--- Provided entries Enclosed Below ---
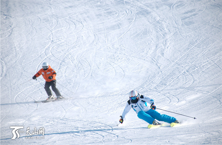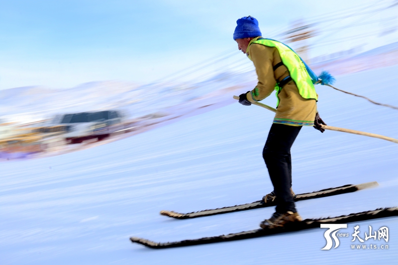当天,在将军山滑雪场,-28℃的室外温度也无法阻挡纷至沓来的中外游客的满满热情。具有20年滑雪经验的吉林滑雪发烧友王飞此次是和朋友专程来阿勒泰参加滑雪比赛和冰雪节活动。他说:“阿勒泰是很多滑雪发烧友最向往的地方。此次来阿勒泰,深入了解了古老毛皮滑雪的历史,有一种‘寻根’的感觉,真是来对地方了!”
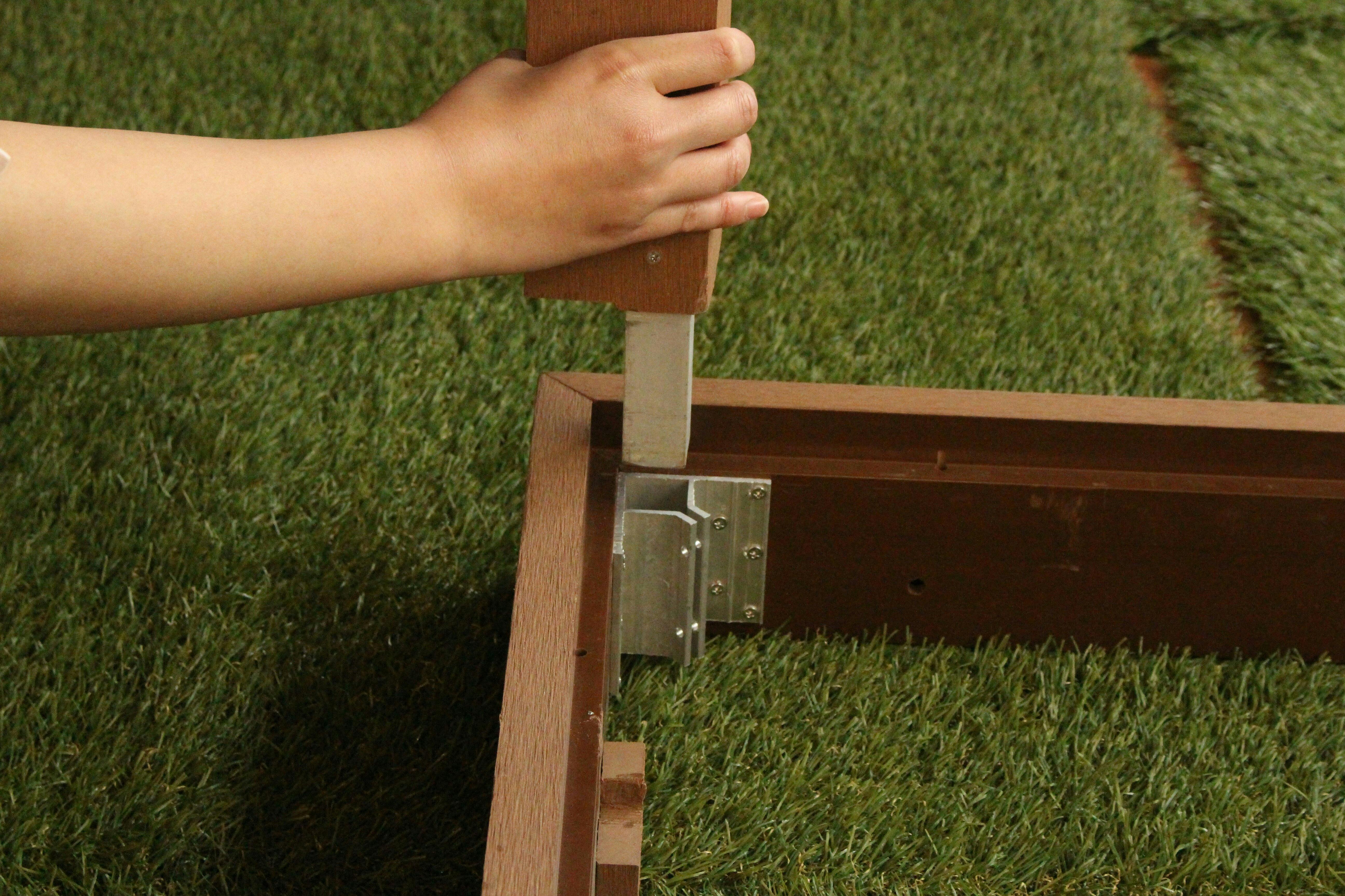 人工木なので水に強くはじくため汚れても水洗いが可能で、強い日差しでも色の変化が少なく、防腐処理やシロアリ対策など天然木に必要なメンテナスがいりません。組み立てが簡単なので同じシリーズのウッドデッキやステップ、フェンスと組み合わせてオリジナルのウッドデッキが作れます。
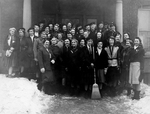 Description :RASSEMBLEMENT DU GROUPE FEMININ DE CURLING DEVANT UN EDIFICE EN BRIQUES AVEC COLONNES. LA 5E DE LA PREMIERE RANGEE PORTANT UN BALAI EST MME ISABEL RACEY.
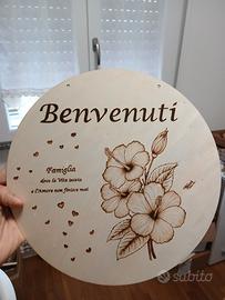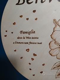 Insegna di legno compensato con la scritta BENVENUTI e la frase sulla FAMIGLIA. L'ho fatta a mano con la tecnica di pirografia. ร appendibile ed anche attaccabile alla porta o al muro essendo sottile e leggero.
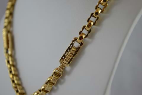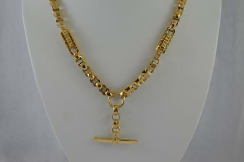 9ct yellow gold fetta link chain. The chain features a permanent t/bar at the front and two swivels at the back. The chain length is 51.5cm which is a great length for most ladies. The weight of the chain is 62 grams. Which is a great weight to be worn on a daily basis.
--- End of Enclosed Provided entries ---
:: What the exercise asks ::
Leaving all pictures aside, quote each record exactly.

:: Solution to this task ::
当天,在将军山滑雪场,-28℃的室外温度也无法阻挡纷至沓来的中外游客的满满热情。具有20年滑雪经验的吉林滑雪发烧友王飞此次是和朋友专程来阿勒泰参加滑雪比赛和冰雪节活动。他说:“阿勒泰是很多滑雪发烧友最向往的地方。此次来阿勒泰,深入了解了古老毛皮滑雪的历史,有一种‘寻根’的感觉,真是来对地方了!”
 人工木なので水に強くはじくため汚れても水洗いが可能で、強い日差しでも色の変化が少なく、防腐処理やシロアリ対策など天然木に必要なメンテナスがいりません。組み立てが簡単なので同じシリーズのウッドデッキやステップ、フェンスと組み合わせてオリジナルのウッドデッキが作れます。
 Description :RASSEMBLEMENT DU GROUPE FEMININ DE CURLING DEVANT UN EDIFICE EN BRIQUES AVEC COLONNES. LA 5E DE LA PREMIERE RANGEE PORTANT UN BALAI EST MME ISABEL RACEY.
 Insegna di legno compensato con la scritta BENVENUTI e la frase sulla FAMIGLIA. L'ho fatta a mano con la tecnica di pirografia. ร appendibile ed anche attaccabile alla porta o al muro essendo sottile e leggero.
 9ct yellow gold fetta link chain. The chain features a permanent t/bar at the front and two swivels at the back. The chain length is 51.5cm which is a great length for most ladies. The weight of the chain is 62 grams. Which is a great weight to be worn on a daily basis.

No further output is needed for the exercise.